Goody, More Senate Prediction Models

When it comes to predicting the outcome for the Senate, the more models, the merrier.
Senate Minority Leader Mitch McConnell probably won't know if his party has a majority until after Election Day.

Since I wrote on Senate elections last week, two more high-quality prediction systems have emerged: Presidential election forecaster Sam Wang is back and looking at Senate polls, and the HuffPollster gang is turning their charts into forecasts.

As with the Drew Linzer/Daily Kos model I looked at last week, both of these are poll-driven. That is, they ask what is likely to happen in November, given the polls to date. That contrasts with systems that put some or more weight on "fundamentals" of elections, on the assumption that early polling may be misleading because it ignores considerations such as district partisanship, national trends and candidate recruitment, all of which may kick in as the campaign goes along.

Right now, in aggregate, the polls-only versions are more favorable to Democrats. So Daily Kos has a 55 percent chance of at least 51 Republican seats; HuffPollster is at 48 percent; and Sam Wang gives Republicans a 35 percent chance for control. Contrast that with the mixed-input Monkey Cage/Washington Post model, which gives Republicans a 52 percent chance of having at least 51 seats, and the New York Times, which gives them a 66 percent chance at a Senate majority. The full-blown 538 model should be coming soon, but Nate Silver's preliminary look, also with mixed input, also favored Republicans (and there are also, mainly from political scientists, fundamentals-only models, which I should write about separately).

Who to trust? Almost everyone agrees that polls are increasingly better for predicting outcomes as the election draws closer. And almost everyone agrees that well in advance, fundamentals are more useful. So one way to look at the differences is that right now Democrats are doing a bit better than the fundamentals suggest -- and that we have no way of knowing how that will play out by November.

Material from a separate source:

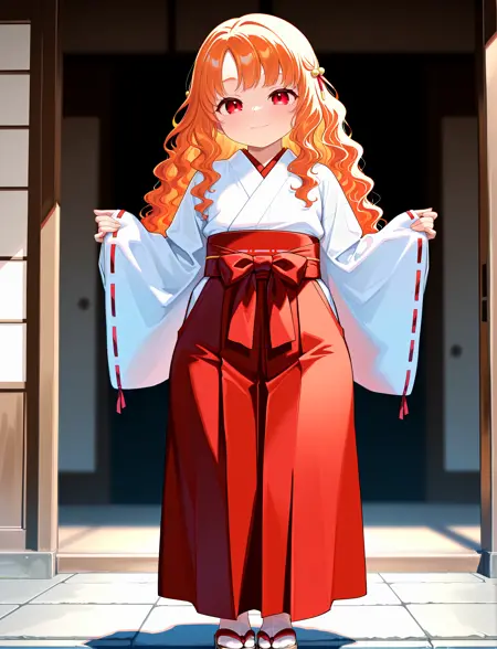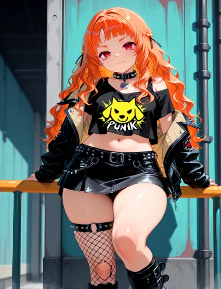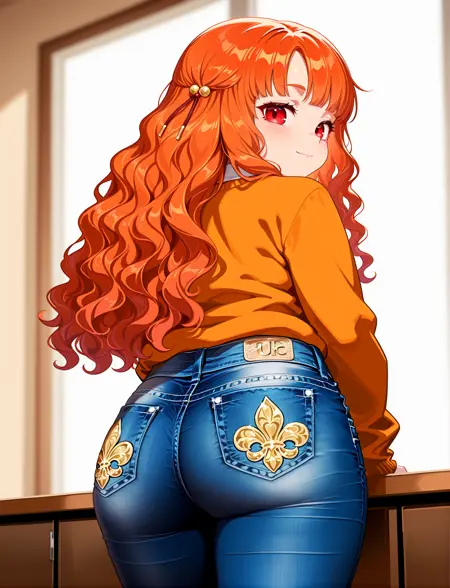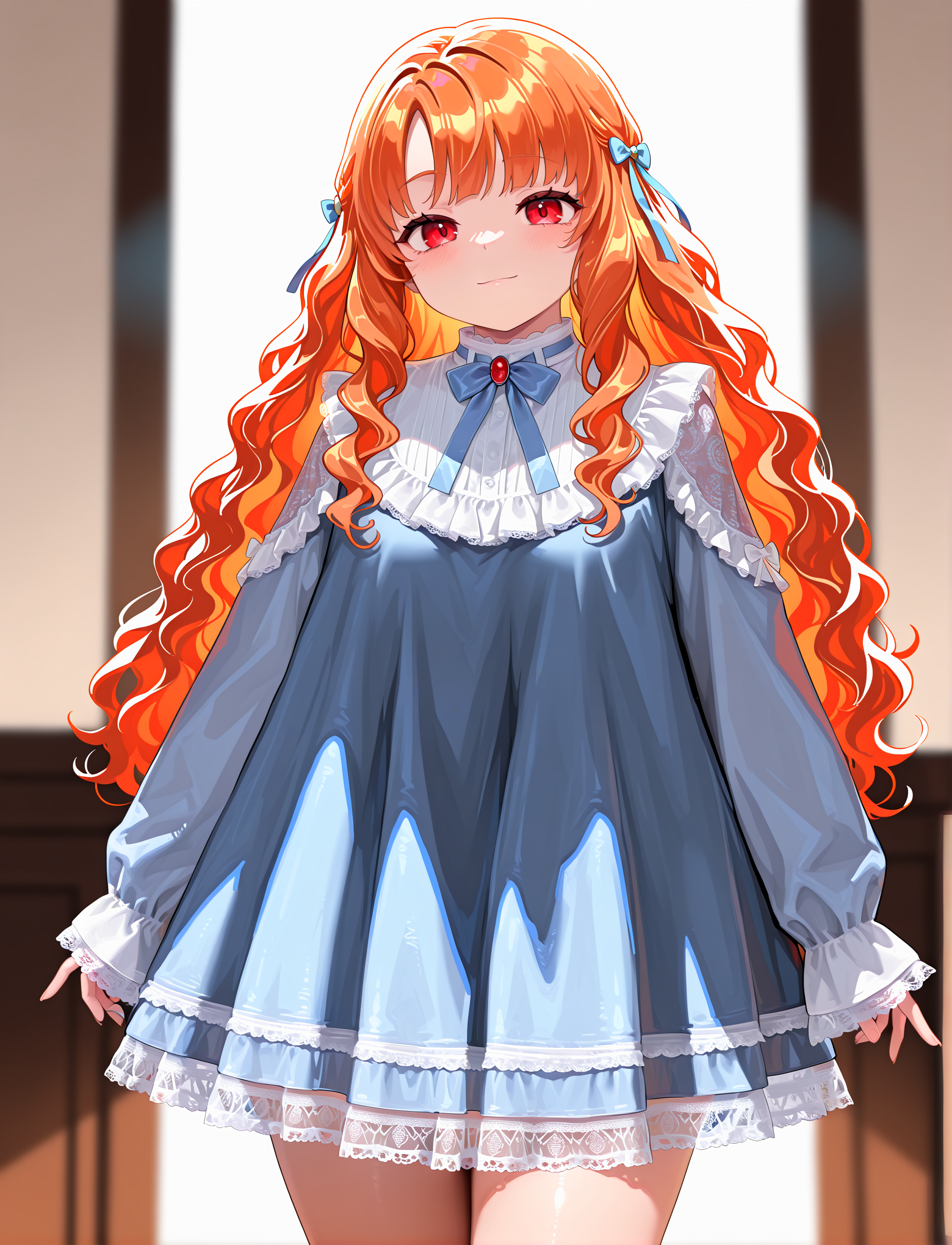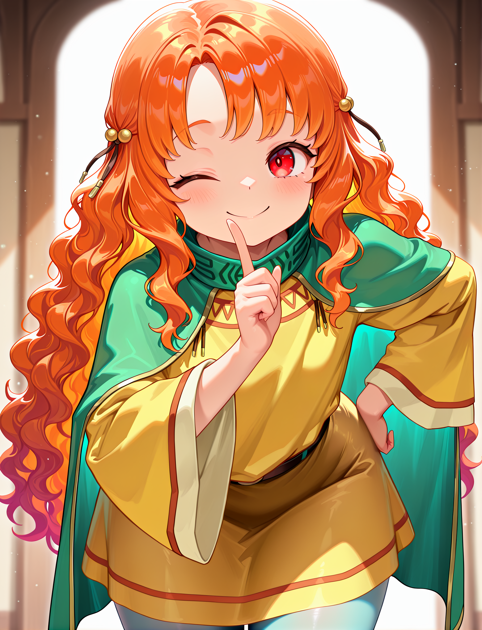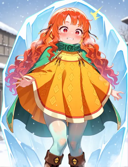 YuneRD, long hair, wavy hair, orange hair, red eyes, yellow poncho, light-blue pantyhose, brown boots, green cape,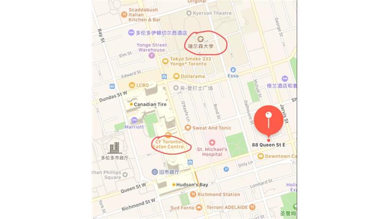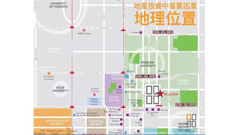 楼盘的地理位置十分优越,多伦多龙脉Yonge街及多伦多金融中心就在其西边,楼盘还紧邻Ryerson大学和乔治布朗学院,其中Ryerson大学在校学生38000人,教职人员1700人,这庞大的学生数字就距离88 Queen公寓仅3分钟的步行距离,只相距250米。乔治布朗学院在校学生28000人,教职人员1339人,距离88 Queen公寓仅8分钟步行距离,相距850米。 步行3分钟至,Ryerson大学,相距250米 步行4分钟至,Eaton伊顿购物中心,相距350米 步行5钟至,Dundas广场,相距450米 步行6分钟至,Yonge& Queen地铁站或Yonge&Dundas地铁站,相距500米 步行8分钟至,Nathan Phillips广场和Old City Hall,相距650米 步行9分钟至,多伦多核心金融区,相距700米 步行10分钟至,George Brown College乔治布朗学院,相距850米 步行13分钟至,Loblaws大型超市 步行20分钟至,OCAD安省艺术设计大学 步行23分钟至,多伦多大学

Beyond that, the polling-only models may differ on a lot of things. Which polls should be included? Should low-quality or partisan polls be given equal weight, discounted, adjusted or dismissed? How should polling averages be estimated -- how do the models treat polls as they get older? And in projecting forward, how "linked" are the various races -- how likely is it that Kentucky, Alaska, Louisiana and Iowa will all move independently of one another because contest-specific electioneering matters, and how likely is it that they'll move together as part of late-breaking national trends? And of course "fundamentals" or mixed models can vary, too, on many dimensions, including the precise economic variables to use, what counts as a "quality" candidate and how much any of those variables matter. Even if purely derived from past data, modelers must make choices about how they examine the past that will have important implications for how they predict the future.

I'll continue to emphasize that the headline numbers suggest unearned precision. Most of these modelers, most of the time, don't really make unsupported claims -- but the numbers often suggest more certainty than the prose claims, and both the headline writers and the chart designers rarely include important caveats.

So we shouldn't trust any single model, or even a single average of the various models. Instead, the best way to read all of this is to focus on the range, both in individual models when supplied by the authors, and across models. That's going to give smart readers uncertainty, and that's exactly what we all should be experiencing right now. If you want certainty, try the U.S. House: It's going to stay Republican. But we don't know who is going to win the Senate, and there's a very good chance we won't on Election Day morning, or on Election Day night -- until Alaska comes in, and even then we may have to wait for Louisiana to hold a runoff to really know. Or not; the range is still large enough that both solid Republican or solid Democratic control are each very plausible. But for now, the right attitude isn't to try to figure out which model to trust; it's that we're better off the more we know, and each reasonable model adds to our general sense of how things things are going.